A Vietnamese legend held that to count a thousand cranes foretold good fortune. But for a decade, no Sarus cranes were seen in Vietnam; the land had become a wasteland, and the bird of good fortune deserted the people and was feared extinct. Today, that good fortune may have returned--a recent count of the Sarus cranes numbered them at 1,000.

Vietnam’s wetlands, the cranes’ habitat, were the victims of the war’s most vicious assaults. The upper reaches of the Mekong Delta were important staging areas for the Viet Cong. U.S. troops cut huge drainage canals across the wetlands, to dry up the swamp and reveal the hiding places of the enemy. Meanwhile, there were reports that American helicopters and gunboats used the feeding cranes as targets for rifle practice.
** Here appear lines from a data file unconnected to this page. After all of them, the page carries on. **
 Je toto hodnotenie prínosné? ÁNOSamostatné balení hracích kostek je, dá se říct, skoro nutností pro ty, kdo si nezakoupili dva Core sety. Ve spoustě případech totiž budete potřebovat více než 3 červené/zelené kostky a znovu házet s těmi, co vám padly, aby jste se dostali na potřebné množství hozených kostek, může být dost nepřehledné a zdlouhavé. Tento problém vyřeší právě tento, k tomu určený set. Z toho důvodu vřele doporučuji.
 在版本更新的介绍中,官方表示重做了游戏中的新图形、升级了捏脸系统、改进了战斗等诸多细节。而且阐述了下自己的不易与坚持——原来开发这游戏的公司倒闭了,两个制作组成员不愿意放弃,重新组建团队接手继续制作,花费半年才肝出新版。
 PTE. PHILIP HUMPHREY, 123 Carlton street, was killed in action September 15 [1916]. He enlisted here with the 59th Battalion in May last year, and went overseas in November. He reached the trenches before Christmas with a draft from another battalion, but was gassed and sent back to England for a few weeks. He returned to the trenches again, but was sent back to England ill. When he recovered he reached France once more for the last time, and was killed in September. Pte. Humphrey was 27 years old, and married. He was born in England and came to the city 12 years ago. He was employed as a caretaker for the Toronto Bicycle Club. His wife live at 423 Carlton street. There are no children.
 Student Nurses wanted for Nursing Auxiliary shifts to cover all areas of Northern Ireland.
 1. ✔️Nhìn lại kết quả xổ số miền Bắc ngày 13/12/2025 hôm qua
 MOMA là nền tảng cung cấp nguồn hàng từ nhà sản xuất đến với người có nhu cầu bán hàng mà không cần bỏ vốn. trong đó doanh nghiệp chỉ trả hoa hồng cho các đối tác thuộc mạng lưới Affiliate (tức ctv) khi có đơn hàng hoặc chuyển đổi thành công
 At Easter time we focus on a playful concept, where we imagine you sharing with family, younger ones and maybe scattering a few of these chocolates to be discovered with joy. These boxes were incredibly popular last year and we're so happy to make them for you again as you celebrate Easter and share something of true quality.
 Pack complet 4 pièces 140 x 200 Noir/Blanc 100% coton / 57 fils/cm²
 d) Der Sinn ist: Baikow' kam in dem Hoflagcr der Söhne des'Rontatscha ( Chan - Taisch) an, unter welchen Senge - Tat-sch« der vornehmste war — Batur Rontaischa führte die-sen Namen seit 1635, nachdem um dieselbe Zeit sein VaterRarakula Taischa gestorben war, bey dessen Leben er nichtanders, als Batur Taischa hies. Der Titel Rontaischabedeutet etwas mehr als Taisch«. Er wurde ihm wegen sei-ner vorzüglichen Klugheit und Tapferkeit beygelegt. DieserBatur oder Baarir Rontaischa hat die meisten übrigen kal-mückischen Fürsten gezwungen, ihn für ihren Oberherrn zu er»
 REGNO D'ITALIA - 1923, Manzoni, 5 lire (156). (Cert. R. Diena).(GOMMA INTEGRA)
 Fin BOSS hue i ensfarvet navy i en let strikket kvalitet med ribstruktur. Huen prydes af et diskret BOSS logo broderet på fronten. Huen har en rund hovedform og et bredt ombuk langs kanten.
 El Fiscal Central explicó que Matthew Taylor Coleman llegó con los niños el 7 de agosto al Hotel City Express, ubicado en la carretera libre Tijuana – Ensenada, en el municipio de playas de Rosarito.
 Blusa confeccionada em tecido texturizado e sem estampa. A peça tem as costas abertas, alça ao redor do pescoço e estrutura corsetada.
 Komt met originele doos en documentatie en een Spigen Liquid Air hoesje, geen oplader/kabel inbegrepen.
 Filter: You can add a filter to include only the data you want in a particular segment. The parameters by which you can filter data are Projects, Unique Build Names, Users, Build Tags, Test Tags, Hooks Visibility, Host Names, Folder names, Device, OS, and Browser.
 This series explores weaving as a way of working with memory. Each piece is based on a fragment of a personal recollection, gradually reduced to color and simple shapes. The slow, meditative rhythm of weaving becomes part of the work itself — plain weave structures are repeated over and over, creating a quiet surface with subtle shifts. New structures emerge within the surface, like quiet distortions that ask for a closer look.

With the delta drained and napalmed, natural flood basins dried out; iron sulfides in the soil rose to the surface; when wetted by monsoon rains each summer, the sulfides formed sulfuric acid. The poison drained into the remaining water, driving out storks, herons, ibises, cormorants, anhingas--and the luck-bringing Eastern Sarus cranes.

There were other victims. The fighting nearly wiped out the Javan rhino, the smallest and rarest of rhino species; Vietnam had been one of its last strongholds. Elephants reportedly were bombed as “transport vehicles.” The kouprey, a forest ox, is nearby Cambodia’s national animal; now the ox is considered one of the rarest land mammals.

The reforestation began in 1975, after the fall of Saigon and the reunification of a devastated nation. “Without environmental recovery, Vietnam cannot have economic recovery,” said the country’s vice president, Gen. Voi Nguyen Giap.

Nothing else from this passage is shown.